Transformation beginnt im Kopf
Können Innovationen alleine uns beim Klimawandel helfen? Eher unwahrscheinlich. Auf der Suche nach neuen Umwelttechnologien und Möglichkeiten der Stoffumwandlung stoßen Wissenschaftlerinnen und Wissenschaftler oft an Grenzen. Ein Grund: Die globale Wirtschaft denkt noch viel zu „fossil”.
Irgendeine Technologie wird die Wissenschaft schon finden, um den Klimawandel aufzuhalten. Auf den letzten Drücker vielleicht, aber ohne Einschränkungen für unseren gewohnten, westlich-industriellen Lebenswandel. Vor allem sogenannte Klimaskeptiker scheinen große Hoffnung in das Geoengineering zu setzen, bei dem mittels neuer Technologien die Atmosphäre manipuliert werden soll. In der Scientific Community werden Sinn, Nutzen und Risiken des Geoengineering kontrovers diskutiert.
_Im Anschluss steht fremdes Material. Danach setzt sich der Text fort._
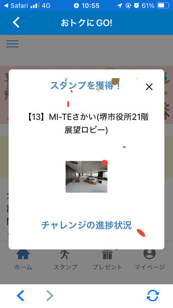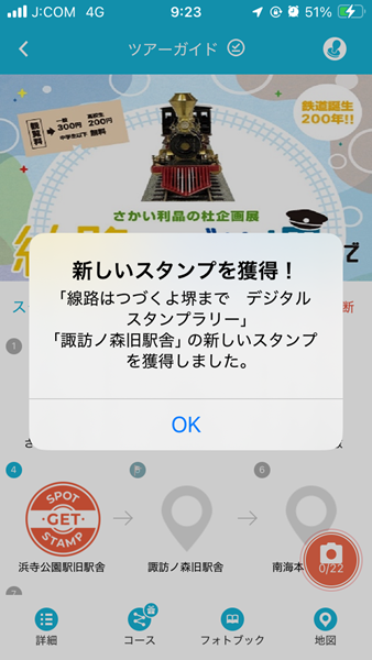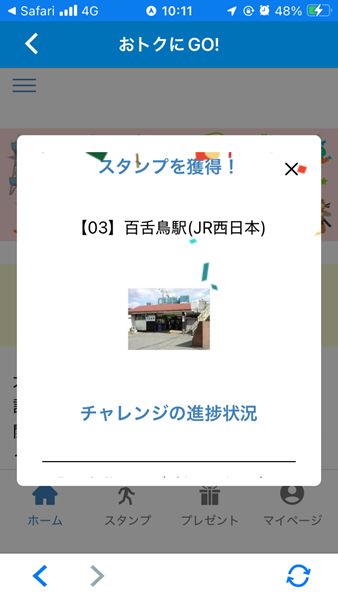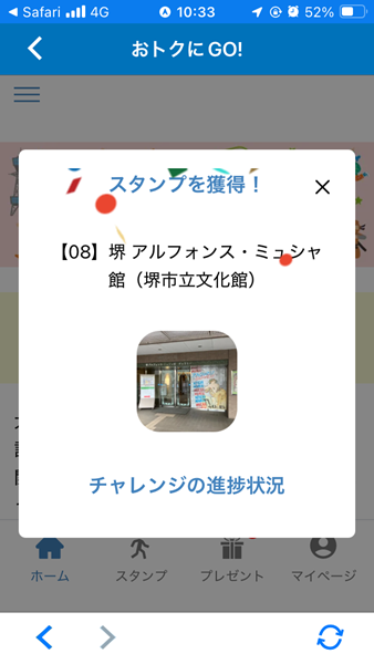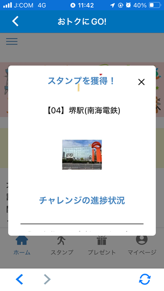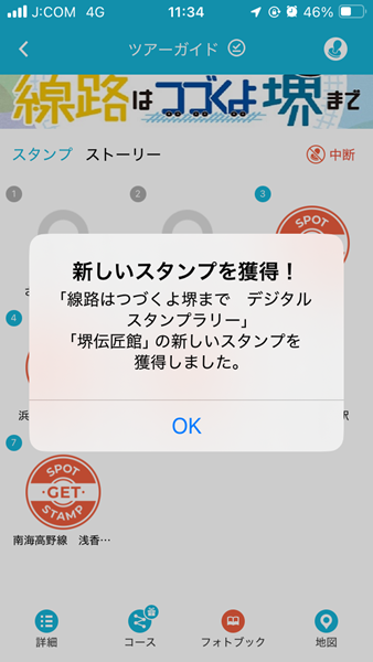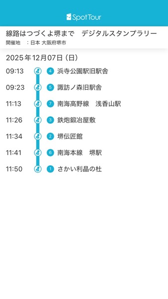 こちらも堺旅2025だが、5つの「駅」スポットは、GPSの位置情報だけでスタンプを獲得できる。ここで3個目を獲得。
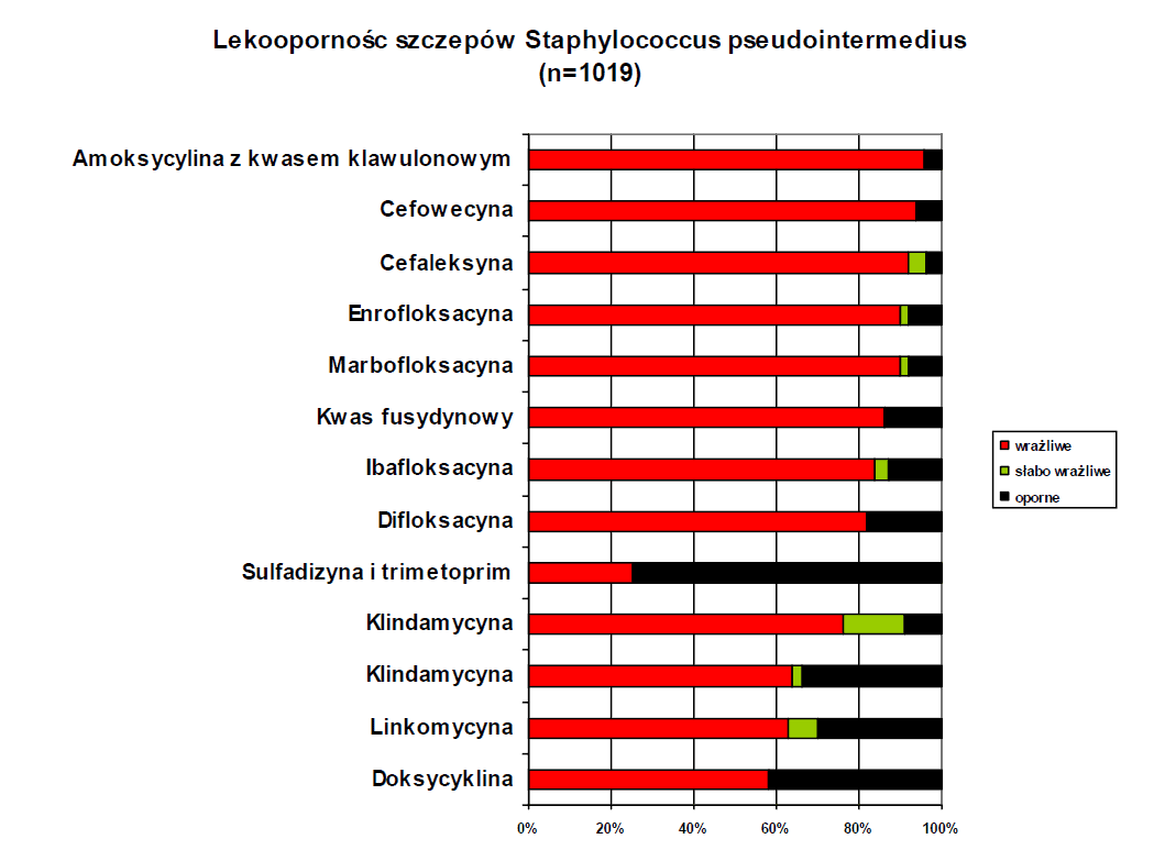 Ze względu na stale rosnącą oporność gronkowców, a w szczególności wśród szczepów Staphylococcus aureus (MRSA) i Staphylococcus pseudointermedius (MRSP), nieodzownym działaniem jest różnicowanie szczepów połączone ze sporządzeniem antybiogramu. Wśród gronkowców koagulazododatnich (S. Aureus, S. Pseudointermedius) udział szczepów MRSA i MRSP, czyli opornych na metycylinę, wynosi odpowiednio 3,2% i 8,1%. Gronkowce oporne na metycylinę są rownież potencjalnie oporne na antybiotyki beta-laktamowe (penicyliny, cefalosporyny, karbapenemy), a w przypadku szczepów wieloopornych oporność dotyczy także dalszych grup antybiotyków. Jak widać na wykresie status opornościowy szczepów wrażliwych i szczepów opornych na metycylinę znacznie się różni.
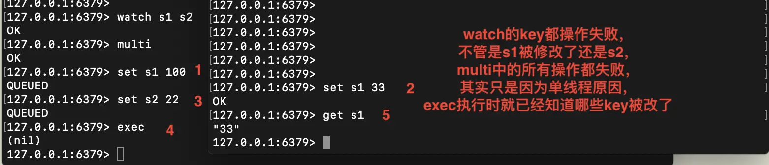这很好理解,即便事务中各命令的顺序不一样,因为单线程执行命令的原因,exec执行时就已经知道被监听的哪些key被修改过了,它只是不执行事务了。
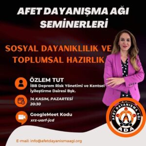 Afet Dayanışma Ağı ekibi olarak düzenlediğimiz seminerler online veya yüz yüze olarak yapılmakta olup; konusunda uzman konukların konuşmacı olarak katılım sağladığı oturumlardır.
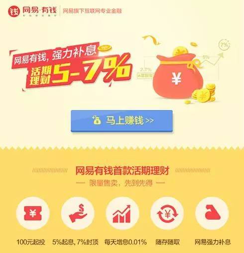 1、网易有钱直接将这款“货基型活期理财产品”一步补贴至5%。
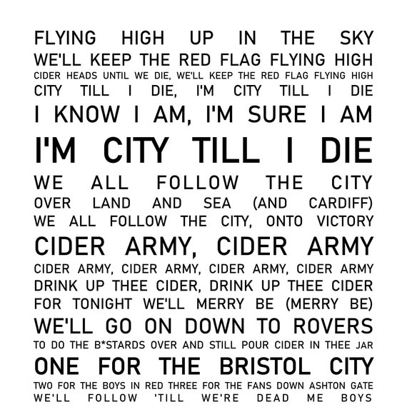 Here's the poetry page from the Bristol City game - poem by Jackson Davies Remember, if you have a Pompey (or even football) related poem, you can send it in to us The Best Bristol City Football Chants Ever, also the rudest. Don't ever give the opposition fans a break. Includes classic chants, Bristol City Heroes songs. All the best Bristol City songs for the hard core Bristol City fans, sung on the terraces. Written by City fans for City fans. En lire plus Signaler un problème avec ce produit Chant I Can T Read Bristol City FC On Twitter: "A MASSIVE WIN Bristol City Anthem
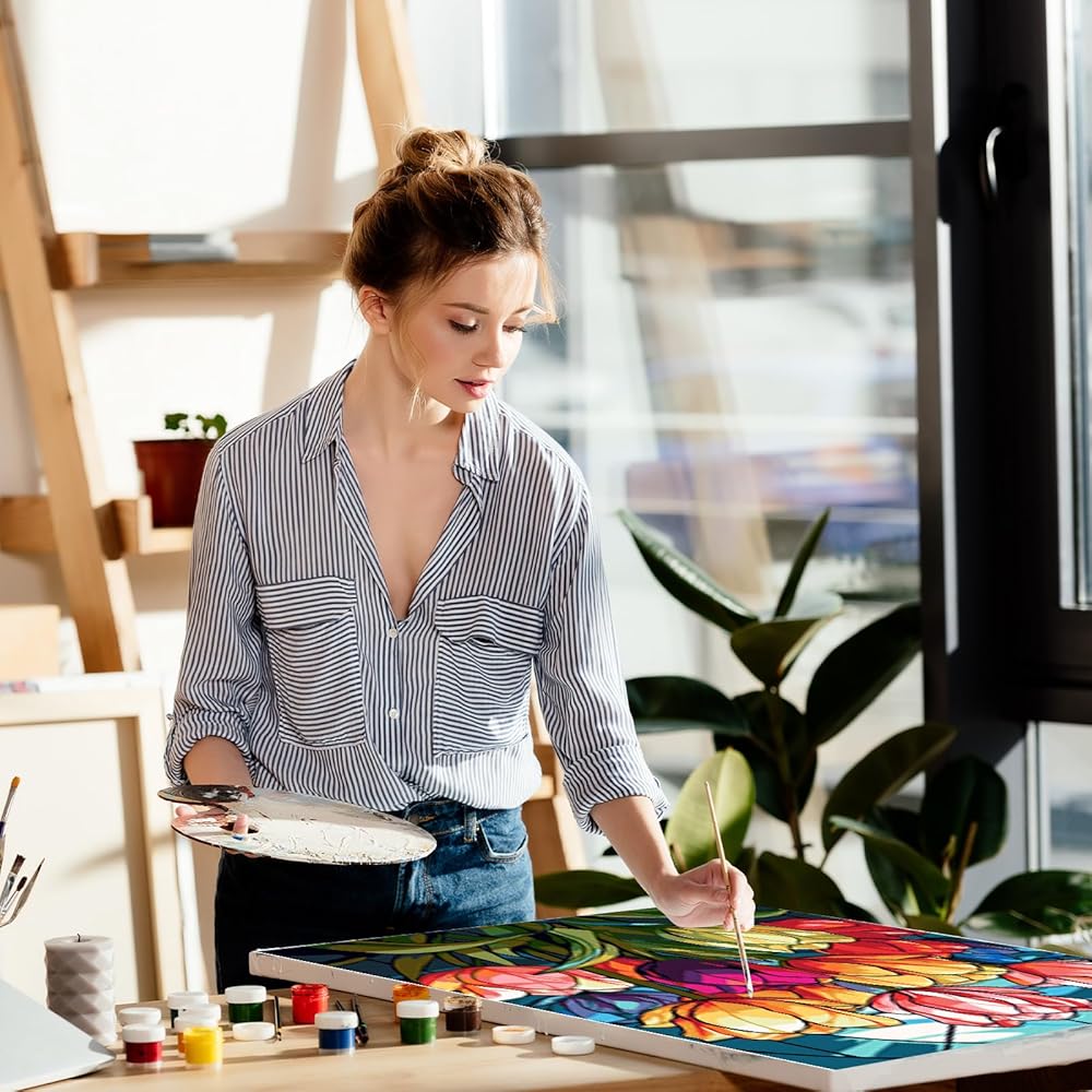 سهلة الطلاء - أرقام الطلاء مناسبة للبالغين والمبتدئين من جميع الأعمار. كل ما عليك فعله هو العثور على نفس الرقم على القماش مثل مجموعة صبغة الأكريليك، ثم استخدام فرشاة لتلوين المنطقة المقابلة. لا حاجة لمزج الألوان.

Einige dieser Ideen klingen gigantomanisch und erinnern tatsächlich stark an Beschreibungen und Bilder aus Science-Fiction-Büchern und -Filmen: Der Nobelpreisträger für Chemie und Meteorologe Paul J. Crutzen beispielsweise berechnete 2006, wie viele Tonnen feinster Schwefelpartikel in die Stratosphäre geschossen werden müssten, um die Temperatur auf der Erde leicht zu senken – wie bei einem Vulkanausbruch. Er wies allerdings selbst darauf hin, dass dies eine Übersäuerung der Meere und ein Schrumpfen der Ozonschicht zur Folge hätte.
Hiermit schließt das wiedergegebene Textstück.